Polars to Pandas

Datagrunt gives you rails, not a cage — enough structure to move fast, with no lock-in. Readers return standard, open objects — Polars DataFrames, PyArrow Tables, plain Python dicts, and DuckDB relations — so the moment Datagrunt has parsed your file, you can hand the data to whatever ecosystem your project already uses. Nothing about your downstream code has to change to adopt Datagrunt for ingestion.

Pandas is the most common destination, so this guide shows every path from a Datagrunt reader to a pandas DataFrame. The same idea applies to anything else that speaks Arrow or Python dicts.

Setup

Pandas is intentionally not a Datagrunt dependency — you bring it only if you use it:

uv pip install pandas

Every conversion below works identically from CSVReader, ExcelReader, and ParquetReader.

Path 1: Polars → pandas (the direct route)

to_dataframe() returns a genuine Polars DataFrame, and Polars ships its own to_pandas():

from datagrunt import CSVReader

df = CSVReader('data.csv').to_dataframe().to_pandas()

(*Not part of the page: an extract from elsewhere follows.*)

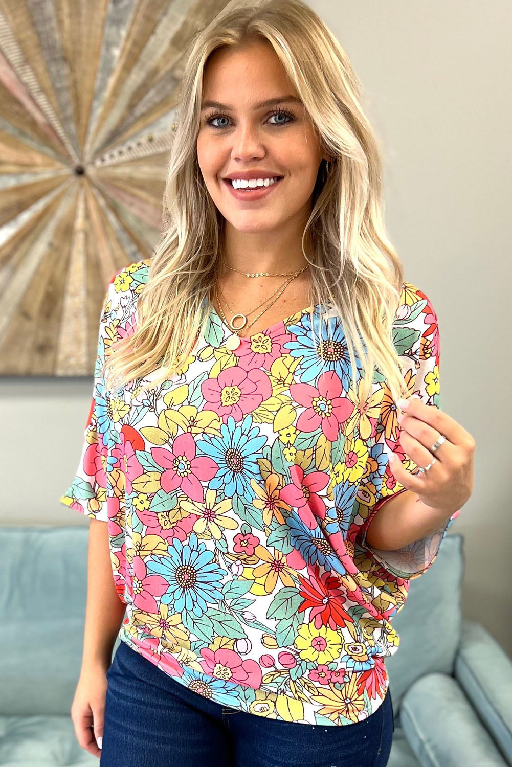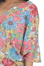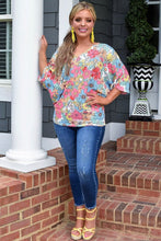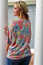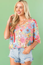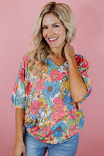 Multicolor Floral Print V Neck Half Sleeve Blouse

For large data, ask for pandas’ Arrow-backed dtypes — the conversion is near zero-copy instead of materializing NumPy arrays:

df = CSVReader('data.csv').to_dataframe().to_pandas(use_pyarrow_extension_array=True)

Path 2: Arrow → pandas (the interchange route)

to_arrow_table() returns a PyArrow Table — Arrow is the lingua franca of the modern data stack, and its to_pandas() is the same one Polars uses under the hood:

from datagrunt import ParquetReader

df = ParquetReader('data.parquet').to_arrow_table().to_pandas()

Prefer this route when pandas is just one stop — the same Table also feeds DuckDB, Spark, Ray, or anything else Arrow-native, without re-reading the file.

Path 3: SQL → pandas (the query route)

query_data() returns a DuckDB relation, which converts to any of the three formats — so you can filter and aggregate in SQL first and only convert the result:

from datagrunt import CSVReader

dg = CSVReader('vehicles.csv', engine='duckdb')
rel = dg.query_data(f"SELECT city, COUNT(*) AS n FROM {dg.db_table} GROUP BY 1")

df_pandas = rel.df()      # pandas DataFrame
df_polars = rel.pl()      # Polars DataFrame
table     = rel.arrow()   # PyArrow Table

See Querying with DuckDB for the full querying guide.

Path 4: dicts → anywhere (the escape hatch)

to_dicts() returns plain Python dictionaries — no library in the middle at all:

import pandas as pd
from datagrunt import ExcelReader

df = pd.DataFrame(ExcelReader('workbook.xlsx').to_dicts(sheet='Products'))

This is the slowest path (it round-trips through Python objects), but it works with literally anything and is handy for small data, tests, and JSON-adjacent code.

Choosing a path

You want Use Why
pandas, simply to_dataframe().to_pandas() One hop, idiomatic.
pandas, big data to_dataframe().to_pandas(use_pyarrow_extension_array=True) Near zero-copy, Arrow-backed dtypes.
pandas + other Arrow consumers to_arrow_table() Read once, feed everything.
pandas after SQL shaping query_data(...).df() Reduce in DuckDB first, convert only the result.
No dependencies at all to_dicts() Plain Python objects.

The reverse trip is just as easy — Datagrunt never holds your data hostage on the way out either: every writer exports to CSV, Excel, JSON, JSONL, and Parquet, all readable by pandas (pd.read_csv, pd.read_parquet, …) or anything else.